The Court recognized that defendant actually
“minimized the expressive value of the reproduced images by combining them
with a prominent timeline, textual material, and original graphical artwork.” Id.
at 611 (emphasis added). Because the defendant used versions of the posters
that were greatly reduced in size, they did not substitute for the original works.

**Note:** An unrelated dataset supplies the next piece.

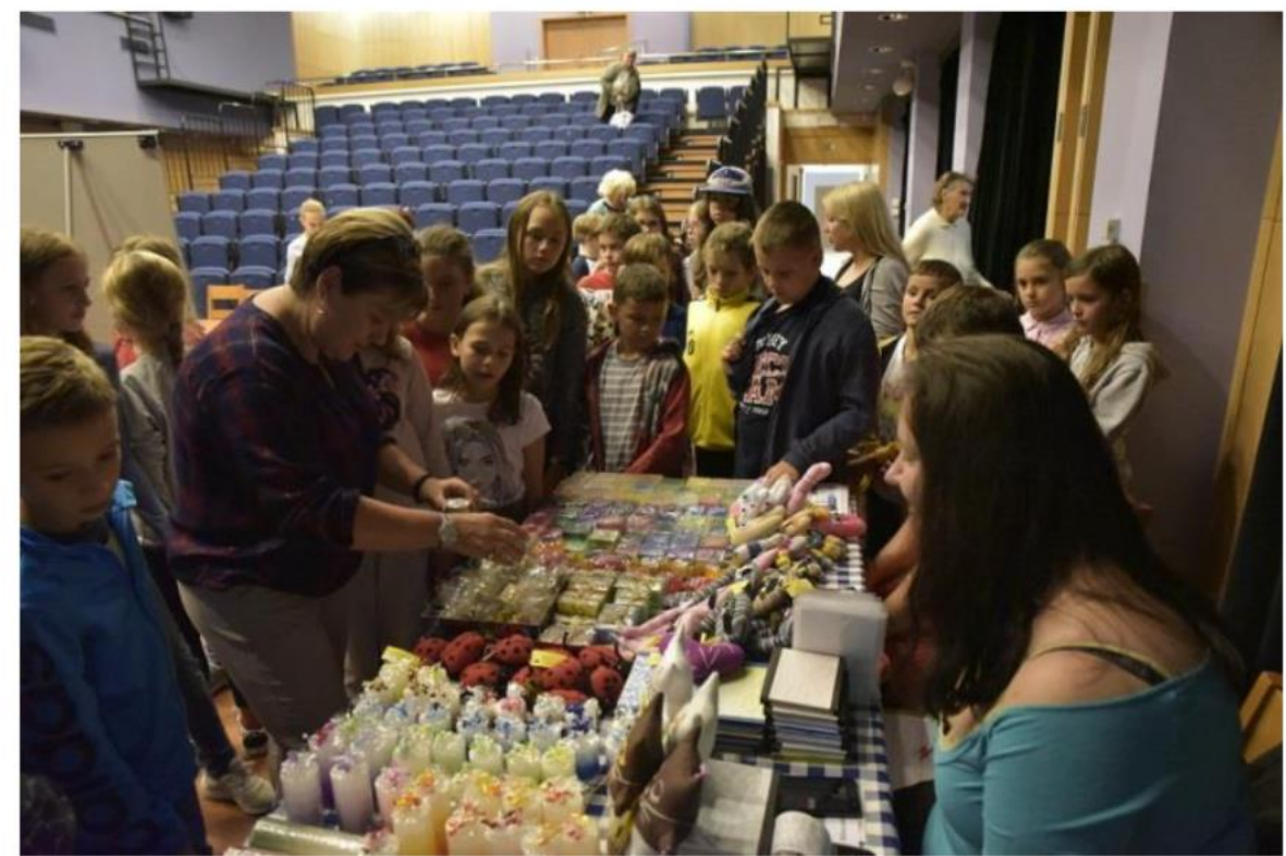
Podporujeme chráněné dílny (Den zdraví a rovných příležitostí)

Id. at 613. See also HathiTrust at *7 (citing other Second Circuit cases); White
v. West Pub. Corp., 12 CIV. 1340 JSR, 2014 WL 3057885 (S.D.N.Y. July 3,
2014) (finding a fair use where the defendants uploaded legal briefs into the
Westlaw and Lexis databases, to create an interactive legal research tool).
6
C.
Other Courts Have Also Correctly Held that Searching and
Indexing is a Transformative Use
Applying similar tests, several other appellate courts have also found that
using works for the specific technological purpose of indexing and search are
transformative, even where they display parts of the original works. In Perfect
10, Inc. v. Amazon.com, Inc., 508 F.3d 1146 (9th Cir. 2007), the Ninth Circuit
held that Google’s indexing and searching of images was “highly
transformative” because it was using the images “in a new context to serve a
different purpose.” Id. at 1165. The court reasoned that the “search engine
transforms the image into a pointer directing a user to a source of information”
that “provides social benefit by incorporating an original work into a new work,
namely, an electronic reference tool.” Id.

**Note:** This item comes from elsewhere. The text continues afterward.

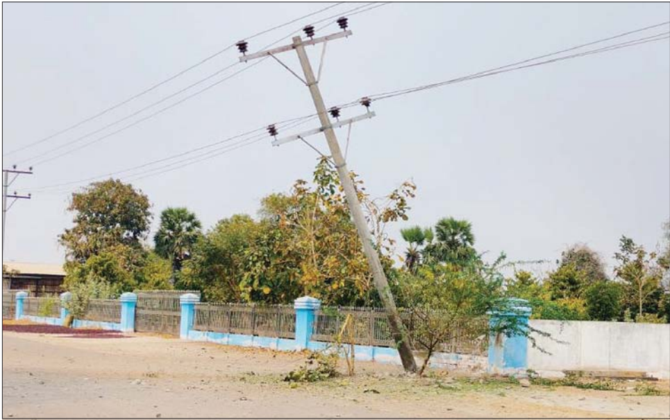
၂၀၂၃ ခုနှစ် မတ် ၁၂ ရက်တွင် မုံရွာမြို့ ရွှေဂုံးရပ်ကွက် အင်းစပ်လမ်းတွင် အကြမ်းဖက်သူများက လက်လုပ်မိုင်းဖြင့် ဖောက်ခွဲခဲ့သည့် မှတ်တမ်းဓာတ်ပုံ။

In an earlier case, Kelly v. Arriba Soft Corp., 336 F.3d 811 (9th Cir.
2003), the Ninth Circuit similarly determined that the use of exact replica
thumbnails for image searching served a different function than the original
images, and therefore qualified as transformative, even though the new use was
not expressive. The court found that even making an exact copy of a work may
be transformative so long as the copy served a different function than the
original work. Id. at 818-19. The court recognized that the accused search
engine “functions as a tool to help index and improve access to images on the
internet and their related websites.” Id. at 818.
7
Finally, in A.V. v. iParadigms, LLC, 562 F.3d 630 (4th Cir. 2009), the
accused product was a new online technology system designed to “evaluate[ ]
the originality of written works in order to prevent plagiarism” by comparing the
students’ written works against, inter alia, previous student papers. Copies of
the student works were archived in a database to be used to evaluate the
originality of other students’ works in the future. Id. at 634. The Fourth Circuit
found that the defendant’s use was transformative even though the “archiving
process does not add anything to the work,” but “merely stores the work
unaltered and in its entirety.” Id. at 639 (emphasis in original). The court
reasoned that:
The use of a copyrighted work need not alter or augment the work
to be transformative in nature. Rather, it can be transformative in
function or purpose . . .
Id. (citation omitted).
The overwhelming weight of case law in this and other circuits weighs
firmly in favor of the sensible conclusion that a use is transformative if it serves
a new and different purpose.
D.
Leading Cases Also Dispose of the Issue Left Open in
HathiTrust
This case varies somewhat from HathiTrust because the libraries’ search
engines in HathiTrust did not display “snippets” of the books in response to a
8
search query. However, Google Books’ display of “snippets” adds to, and does
not detract from, the transformative nature of the search engine. As the district
court explained, the snippets are similar to the thumbnail images in Kelly and in
Bill Graham Archives. Authors Guild v. Google, 954 F. Supp. 2d 282, 291
(S.D.N.Y. 2012). Regarding non-substitutive works, Kelly reasoned:
The thumbnails would not be a substitute for the full-sized images
because the thumbnails lose their clarity when enlarged. If a user
wanted to view or download a quality image, he or she would have
to visit Kelly’s web site.
Kelly, 336 F.3d at 821 (footnote omitted).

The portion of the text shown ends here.